*** Block opens ***

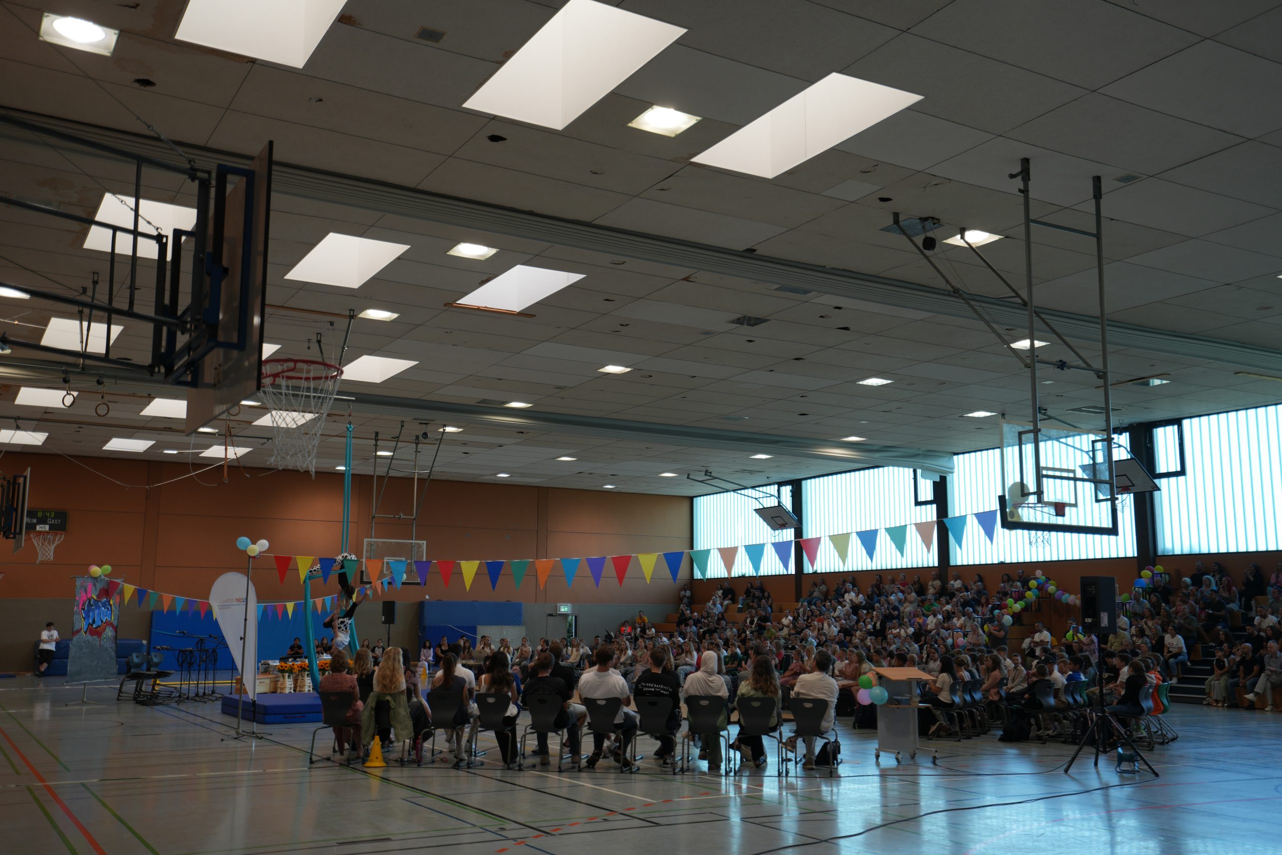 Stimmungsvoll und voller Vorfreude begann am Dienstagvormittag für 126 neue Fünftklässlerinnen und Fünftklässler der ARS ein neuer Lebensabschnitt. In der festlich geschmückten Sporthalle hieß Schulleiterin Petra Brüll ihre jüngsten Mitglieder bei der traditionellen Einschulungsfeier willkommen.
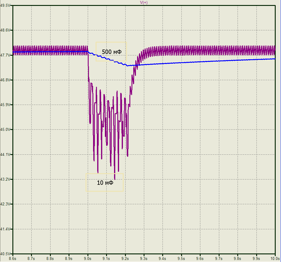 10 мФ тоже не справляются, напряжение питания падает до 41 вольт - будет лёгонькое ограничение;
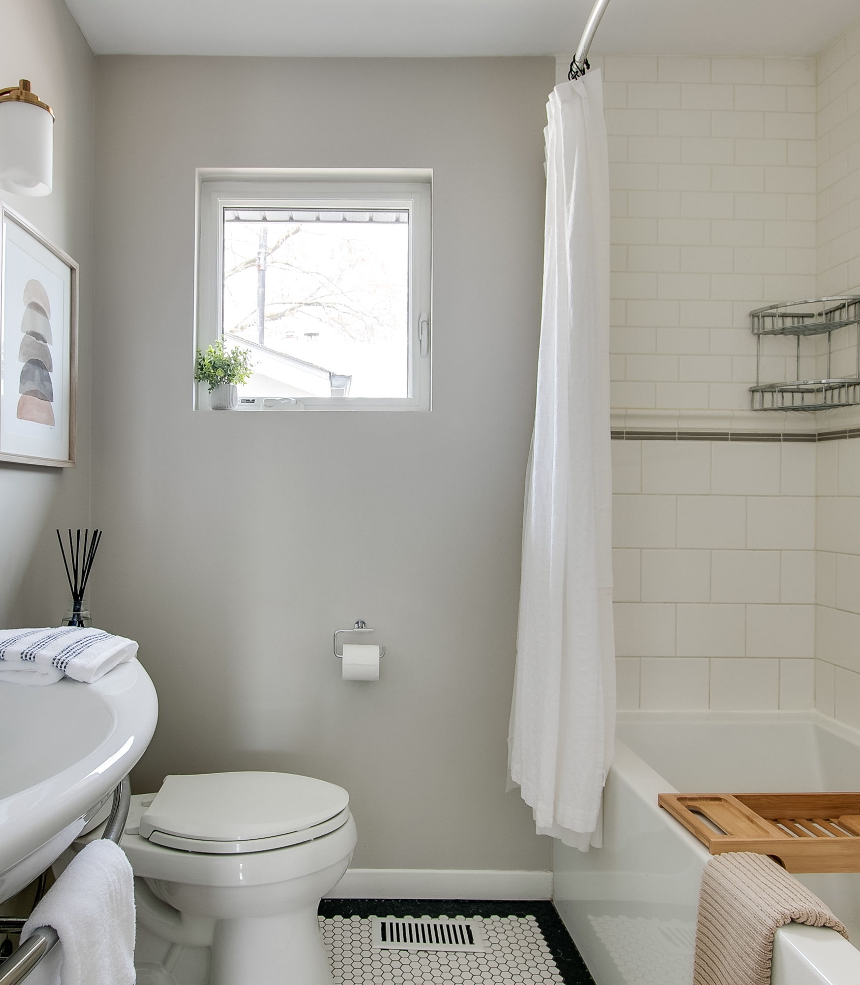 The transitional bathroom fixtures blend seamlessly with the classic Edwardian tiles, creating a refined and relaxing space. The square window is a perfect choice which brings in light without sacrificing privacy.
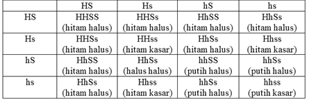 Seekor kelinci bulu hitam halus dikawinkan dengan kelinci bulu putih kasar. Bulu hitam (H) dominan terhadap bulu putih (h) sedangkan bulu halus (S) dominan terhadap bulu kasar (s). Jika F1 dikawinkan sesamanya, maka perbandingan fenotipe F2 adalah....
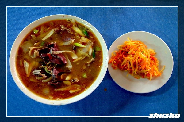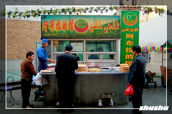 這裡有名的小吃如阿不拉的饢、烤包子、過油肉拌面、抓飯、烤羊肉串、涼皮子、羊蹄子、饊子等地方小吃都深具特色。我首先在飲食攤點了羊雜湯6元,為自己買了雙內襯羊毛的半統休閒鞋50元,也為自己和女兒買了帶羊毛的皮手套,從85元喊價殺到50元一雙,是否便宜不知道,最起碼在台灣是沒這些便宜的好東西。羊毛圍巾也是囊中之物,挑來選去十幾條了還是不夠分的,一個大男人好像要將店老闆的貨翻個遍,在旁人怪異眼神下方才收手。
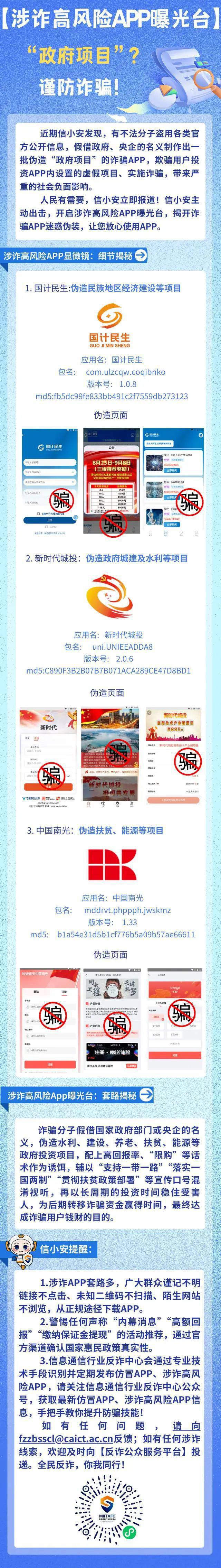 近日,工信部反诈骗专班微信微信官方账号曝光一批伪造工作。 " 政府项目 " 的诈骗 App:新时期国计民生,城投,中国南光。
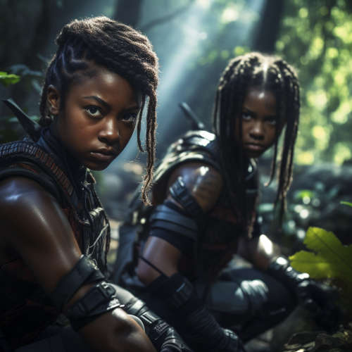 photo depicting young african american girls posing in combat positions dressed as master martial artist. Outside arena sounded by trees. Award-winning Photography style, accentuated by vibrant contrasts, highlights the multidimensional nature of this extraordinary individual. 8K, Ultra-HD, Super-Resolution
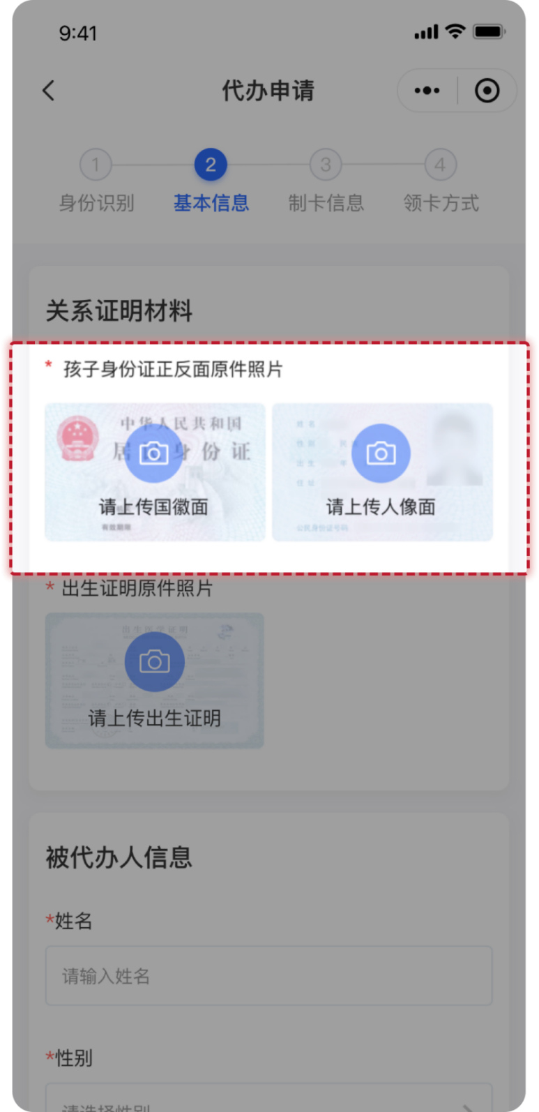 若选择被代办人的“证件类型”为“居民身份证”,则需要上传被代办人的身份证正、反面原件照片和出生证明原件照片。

*** Block closes ***

EXERCISE REQUIREMENTS:
Retype word for word all the material given above, and keep the pictures out.

COMPLETED TASK:
 Stimmungsvoll und voller Vorfreude begann am Dienstagvormittag für 126 neue Fünftklässlerinnen und Fünftklässler der ARS ein neuer Lebensabschnitt. In der festlich geschmückten Sporthalle hieß Schulleiterin Petra Brüll ihre jüngsten Mitglieder bei der traditionellen Einschulungsfeier willkommen.
 10 мФ тоже не справляются, напряжение питания падает до 41 вольт - будет лёгонькое ограничение;
 The transitional bathroom fixtures blend seamlessly with the classic Edwardian tiles, creating a refined and relaxing space. The square window is a perfect choice which brings in light without sacrificing privacy.
 Seekor kelinci bulu hitam halus dikawinkan dengan kelinci bulu putih kasar. Bulu hitam (H) dominan terhadap bulu putih (h) sedangkan bulu halus (S) dominan terhadap bulu kasar (s). Jika F1 dikawinkan sesamanya, maka perbandingan fenotipe F2 adalah....
 這裡有名的小吃如阿不拉的饢、烤包子、過油肉拌面、抓飯、烤羊肉串、涼皮子、羊蹄子、饊子等地方小吃都深具特色。我首先在飲食攤點了羊雜湯6元,為自己買了雙內襯羊毛的半統休閒鞋50元,也為自己和女兒買了帶羊毛的皮手套,從85元喊價殺到50元一雙,是否便宜不知道,最起碼在台灣是沒這些便宜的好東西。羊毛圍巾也是囊中之物,挑來選去十幾條了還是不夠分的,一個大男人好像要將店老闆的貨翻個遍,在旁人怪異眼神下方才收手。
 近日,工信部反诈骗专班微信微信官方账号曝光一批伪造工作。 " 政府项目 " 的诈骗 App:新时期国计民生,城投,中国南光。
 photo depicting young african american girls posing in combat positions dressed as master martial artist. Outside arena sounded by trees. Award-winning Photography style, accentuated by vibrant contrasts, highlights the multidimensional nature of this extraordinary individual. 8K, Ultra-HD, Super-Resolution
 若选择被代办人的“证件类型”为“居民身份证”,则需要上传被代办人的身份证正、反面原件照片和出生证明原件照片。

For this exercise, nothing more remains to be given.